## RECORDS TO PROCESS

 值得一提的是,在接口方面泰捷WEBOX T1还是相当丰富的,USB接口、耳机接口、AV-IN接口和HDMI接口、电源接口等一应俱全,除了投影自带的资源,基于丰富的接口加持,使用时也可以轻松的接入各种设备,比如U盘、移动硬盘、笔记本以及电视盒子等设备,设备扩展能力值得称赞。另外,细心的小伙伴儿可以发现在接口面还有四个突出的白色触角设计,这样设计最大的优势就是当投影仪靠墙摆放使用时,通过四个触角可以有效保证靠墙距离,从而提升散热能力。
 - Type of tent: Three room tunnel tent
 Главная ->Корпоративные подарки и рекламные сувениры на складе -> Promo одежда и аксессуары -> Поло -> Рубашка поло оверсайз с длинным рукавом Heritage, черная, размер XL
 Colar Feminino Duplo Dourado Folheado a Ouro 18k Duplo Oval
...
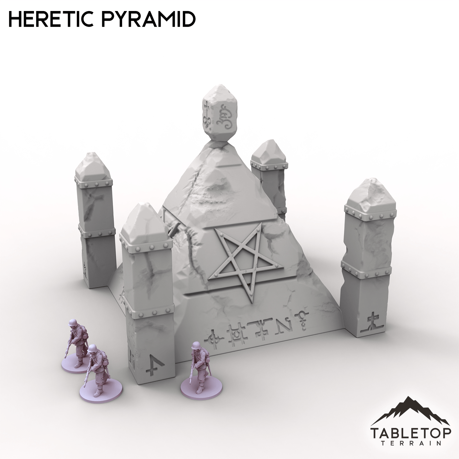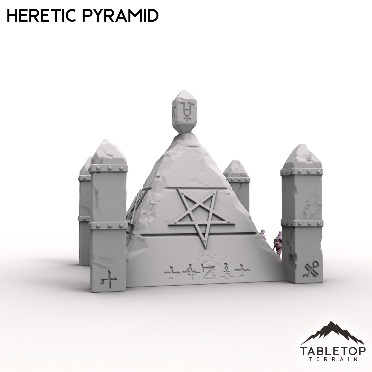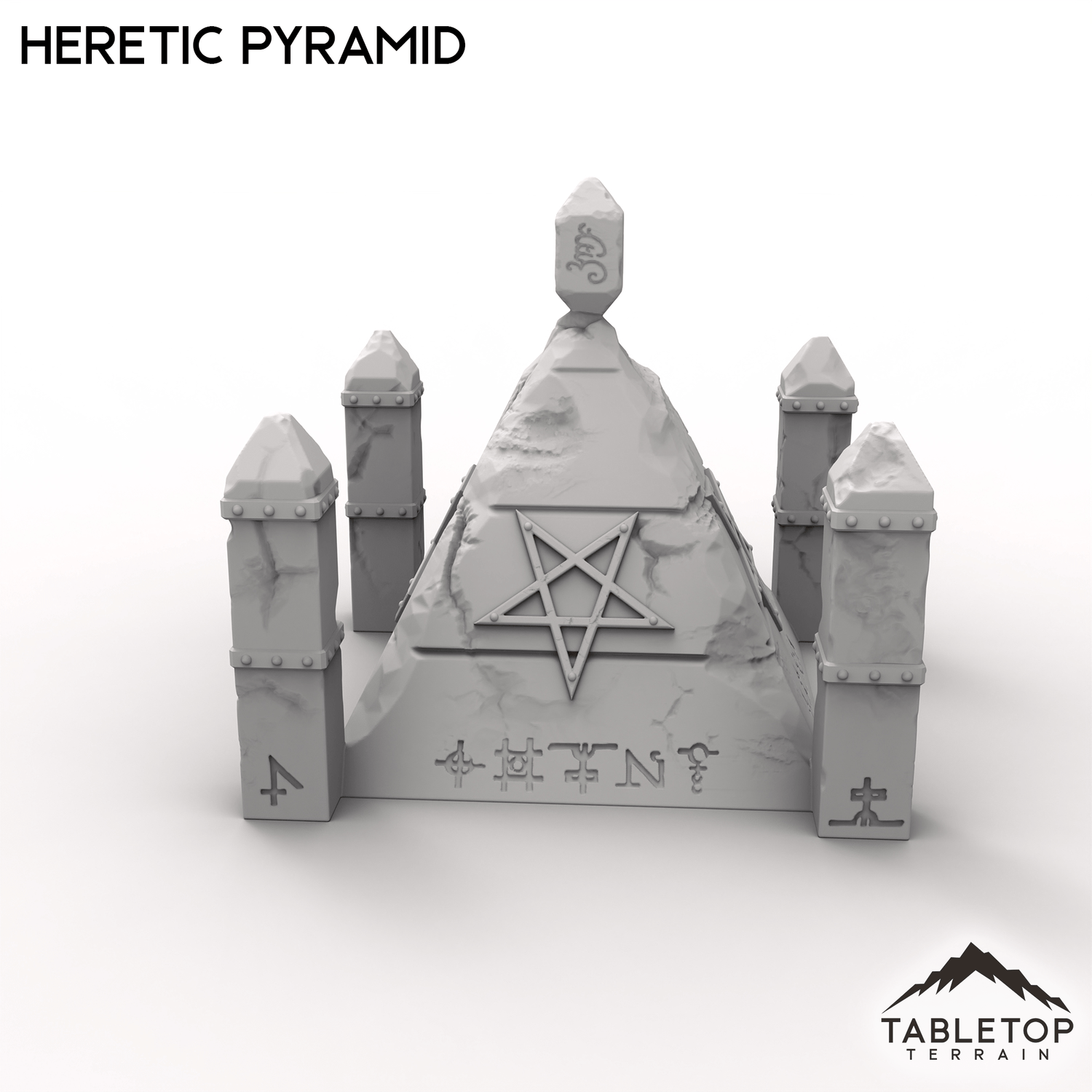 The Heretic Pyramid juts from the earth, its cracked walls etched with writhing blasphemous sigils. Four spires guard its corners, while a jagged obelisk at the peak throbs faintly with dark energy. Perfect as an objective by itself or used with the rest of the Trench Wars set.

## TASK GOAL
Among the entries above, copy exactly only the lines starting with the one containing "值得一提的是,在接口方面泰捷" and going through the one containing "Colar Feminino Duplo", both ends included.

## ANSWER SPACE
 值得一提的是,在接口方面泰捷WEBOX T1还是相当丰富的,USB接口、耳机接口、AV-IN接口和HDMI接口、电源接口等一应俱全,除了投影自带的资源,基于丰富的接口加持,使用时也可以轻松的接入各种设备,比如U盘、移动硬盘、笔记本以及电视盒子等设备,设备扩展能力值得称赞。另外,细心的小伙伴儿可以发现在接口面还有四个突出的白色触角设计,这样设计最大的优势就是当投影仪靠墙摆放使用时,通过四个触角可以有效保证靠墙距离,从而提升散热能力。
 - Type of tent: Three room tunnel tent
 Главная ->Корпоративные подарки и рекламные сувениры на складе -> Promo одежда и аксессуары -> Поло -> Рубашка поло оверсайз с длинным рукавом Heritage, черная, размер XL
 Colar Feminino Duplo Dourado Folheado a Ouro 18k Duplo Oval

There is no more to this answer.